Ingredients
Method
Preparation
- Preheat your oven to 450°F.
- Pat the chicken dry and season generously with salt and pepper.
- In a saucepan, add chicken broth and bring to a gentle boil. Cook the chicken until fully cooked (165°F internal temperature). Shred the chicken and set aside, reserving the broth.
Cooking the Filling
- In a large skillet, melt the butter over medium heat. Add diced onion and sauté for about 4 minutes until tender.
- Add minced garlic and dried seasonings, cooking for another minute until fragrant.
- Sprinkle flour over the mixture, stirring to coat. Cook for an additional 2 minutes.
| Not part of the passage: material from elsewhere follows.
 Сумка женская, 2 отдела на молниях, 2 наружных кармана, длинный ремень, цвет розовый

- Gradually whisk in the reserved broth and half and half until smooth.
- Stir in the bouillon cube and Worcestershire sauce, then fold in shredded chicken.
- Simmer and add remaining broth to desired consistency, letting it thicken for 10-15 minutes.
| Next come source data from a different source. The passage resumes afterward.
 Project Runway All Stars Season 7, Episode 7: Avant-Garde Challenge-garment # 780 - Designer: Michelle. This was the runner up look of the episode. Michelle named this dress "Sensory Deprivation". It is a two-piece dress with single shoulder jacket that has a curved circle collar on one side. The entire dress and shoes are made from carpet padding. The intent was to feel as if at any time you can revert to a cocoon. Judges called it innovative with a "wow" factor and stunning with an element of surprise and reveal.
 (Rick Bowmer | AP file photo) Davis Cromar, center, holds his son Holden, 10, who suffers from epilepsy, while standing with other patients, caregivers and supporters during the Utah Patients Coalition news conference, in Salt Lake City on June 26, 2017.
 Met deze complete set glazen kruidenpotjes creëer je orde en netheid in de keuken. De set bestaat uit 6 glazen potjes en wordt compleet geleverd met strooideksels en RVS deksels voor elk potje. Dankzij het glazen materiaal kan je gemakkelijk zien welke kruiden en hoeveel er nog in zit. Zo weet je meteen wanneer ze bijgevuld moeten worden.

- Fold in frozen vegetables until combined.
Assembly and Baking
- Transfer the chicken filling to a large baking dish, ensuring an even spread.
- Scoop warm mashed potatoes on top, spreading evenly.
- Bake uncovered for 10 minutes, then switch to broil for an additional 4 minutes until golden.
Serving
- Remove from the oven and let sit for about 5 minutes before serving.
- Garnish with freshly chopped parsley if desired.
Notes
Feel free to customize the filling with leftover veggies or add a splash of hot sauce for extra kick. This dish can also be frozen for longer storage.